- Directed by: Michael Paul Girard
- Written by: Jerry Feifer (story by) Peter Flemming
- Produced by: Michael Feifer
- Starring: David Byrnes April Breneman Loren Schmalle Alisha Christensen Ashlie Rhey
- Cinematography: Denis Maloney
- Edited by: Tony Miller
- Music by: Miriam Cutler
- Distributed by: Simitar Entertainment (US, DVD)
- Release date: 1995;
- Running time: 95 min.
- Country: United States
- Language: English

= Witchcraft VII: Judgement Hour =

Witchcraft VII: Judgement Hour (also known as Witchcraft 7: A Taste for Blood) is a 1995 American horror film directed by Michael Paul Girard and starring David Byrnes, April Breneman, Loren Schmalle, Alisha Christensen, and Ashlie Rhey. The seventh instalment in the Witchcraft film series, it was produced by Vista Street Entertainment and released direct-to-video on December 27, 1995, by Troma Studios. The script was written by Peter Flemming.

==Plot==
A vampire, Martin Hassa (Loren Schmalle), is attacking young women in the Los Angeles area, and while at a party, he attacks and leaves Rachel (Ashlie Rhey) for dead. Jack (Mark Blydel) and Emily (Aline Kassman) have summoned their friend and lawyer, Will Spanner (David Byrnes) to the hospital as their child was hit by a drunk driver. While there, Spanner sees Rachel's roommate Sally (Mai-Lis Holmes) bring her into the hospital, and after Rachel's death sees the priest giving last rites have his rosary explode during the ceremony.
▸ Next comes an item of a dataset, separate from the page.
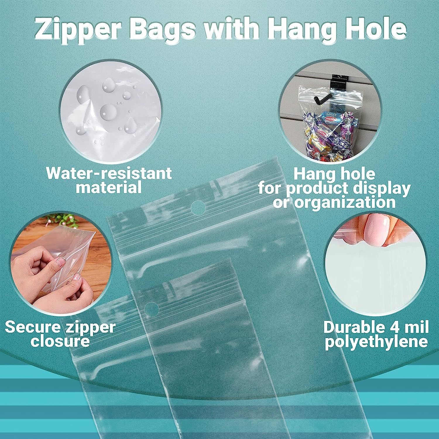 Pack of 100 Slider Zipper Bags 6.5 x 6. Clear Poly Bags 6 1/2 x 6. Thickness 3 mil. Polyethylene Bags for Packing and Storing. Plastic Bags for Industrial; Food Service; Health Needs.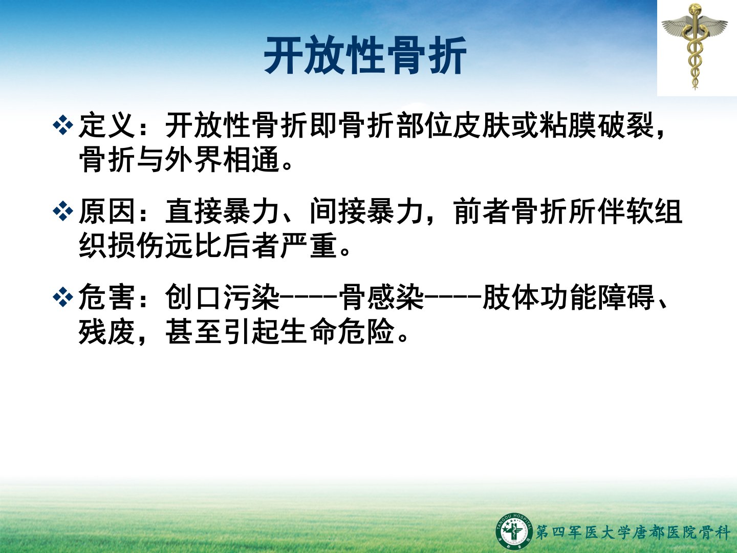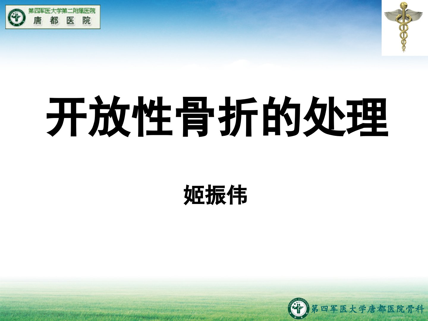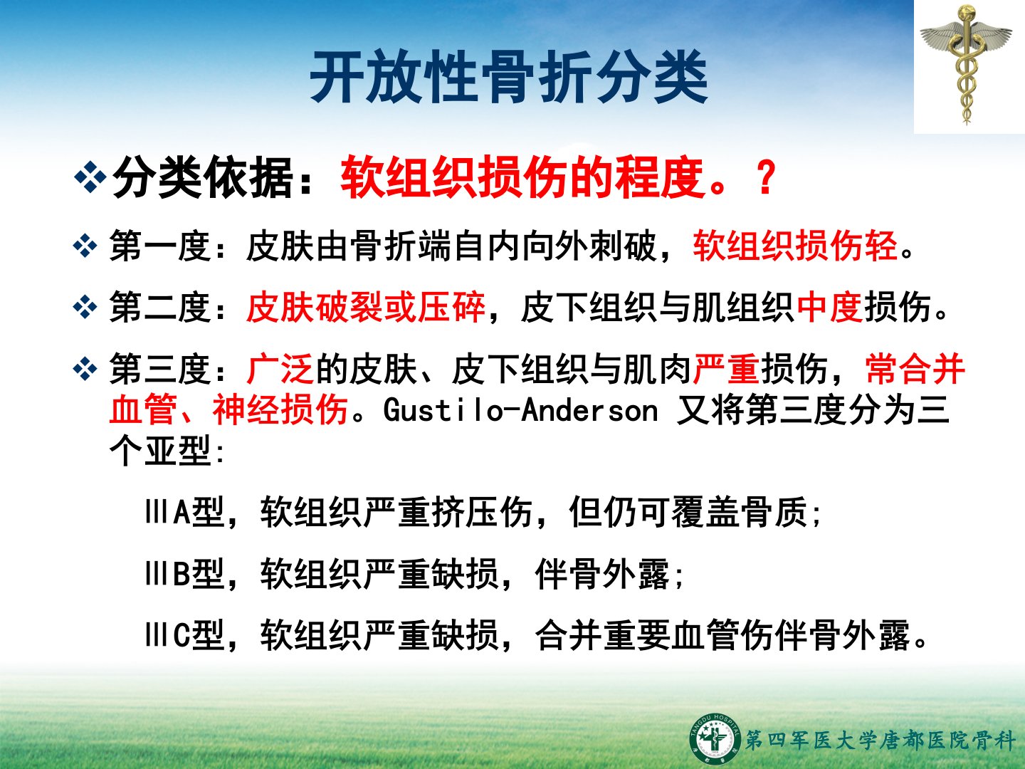 开放性骨折的处理摘要姬振伟医生介绍了开放性骨折的定义即骨折部位皮肤或粘膜破裂骨折与外界相通多由直接或间接暴力导致危害包括创口污染、骨感染、肢体功能障碍甚至生命危险。根据软组织损伤程度开放性骨折可分为三度其中第三度又细分为三个亚型。处理原则是及时正确处理创口防止感染将开放性骨折转化为闭合性骨折。术前需询问病史、检查全身情况、确定神经血管损伤、观察伤口并拍摄X线片。清创时间原则上越早越好感染潜伏期为伤后68小时。清创缝合术要求严格包括清洗消毒、切除坏死组织、处理关节韧带等。组织修复包括骨折复位固定、重要软组织修复和创口引流。最后需固定患肢使用抗生素预防感染并应用破伤风抗毒素。开放性关节损伤处理原则与开放性骨折相似旨在防止关节感染和恢复关节功能。

An investigation into Rachel reveals a plot by Hassa to control the nation's blood supply, leading to the deduction that Hassa is a vampire. The investigation reveals that Hassa is not only a vampire, but also the owner of the Romanian Cobol Corporation, the company which is entering a business merger that will give it control of the world's blood supply.

Suspicious, Spanner calls LAPD Detective Lutz (Alisa Christensen), who with partner Detective Garner (John Cragen) head to the hospital in time to see Rachel rise from the dead. Rachel overpowers Spanner and the two detectives, and a pursuit of Rachel by the Detectives only shows that bullets will not stop her, resulting in Will staking her. Hassa possesses and forces Keli to attack Will. Convinced of what's happening, Lutz and Garner accompany Will to the merger meeting, where they shoot Hassa's underlings.

Spanner, Lutz and Garner manage to foil these plans at the last minute, but not without the death of one of the trio of investigators as Will stakes Hassa but is mortally wounded himself. Hassa makes it back to Keli and tries to convince her to help him, but she finishes him off instead.

==Production==
Witchcraft VII: Judgement Hour was intended to be the last entry in the series; the VHS box describes the film as "the final chapter". The film was released as Witchcraft 7: A Taste for Blood in the United Kingdom.

Main character Will Spanner is played by David Byrnes, who would return for Witchcraft IX: Bitter Flesh. Director Michael Paul Girard also returned to helm Witchcraft IX. Detective Lutz, a male character in the previous film, Witchcraft VI: The Devil's Mistress, is retconned into a female character and played by Alisa Christensen, although a later episode describes this character as a relative. Her partner Detective Garner also returns, this time played by a younger actor, John Cragen. Spanner's girlfriend Keli is once again played by a different actress, April Breneman.

==Reception==
Critical reception to the film was mostly negative. AllMovie gave Witchcraft VII: Judgement Hour 2.5 stars out of 5. In a one star review, TV Guide said that it offered "little in the way of thrills or imagination" and that the series had "strayed so far from its original conception that there's no actual witchcraft in this instalment". While a seduction scene with Ashlie Rhey was highlighted as being "fairly sensual" and although the opening scenes features some "decent acting", the review concludes that the film "quickly descends into half-baked confrontations, ineffective erotica, unpersuasive histrionics, and illogical scripting."

In October 2015, Katie Rife of The A.V. Club named the film the fifth-best in the (then 13-film long) series, saying that it had a "nice mid-’90s feel to it". Although Rife found it to be "the most gratuitously sexist" of all the films, it was a "fun watch", "despite all its ickiness and bad special effects." In a negative review for CraveOnline, Witney Seibold also noted the lack of witchcraft in the "out-and-out vampire movie", which featured "truly baffling scene[s]", "one of the silliest movie monsters I've ever seen" and "pervy" camera work.

==Continuity==
Spanner's use of his powers is very limited in the film. The next film in the series is Witchcraft VIII: Salem's Ghost, although it is a standalone film and not a direct sequel. The film which resolves Spanner's death is Witchcraft IX: Bitter Flesh.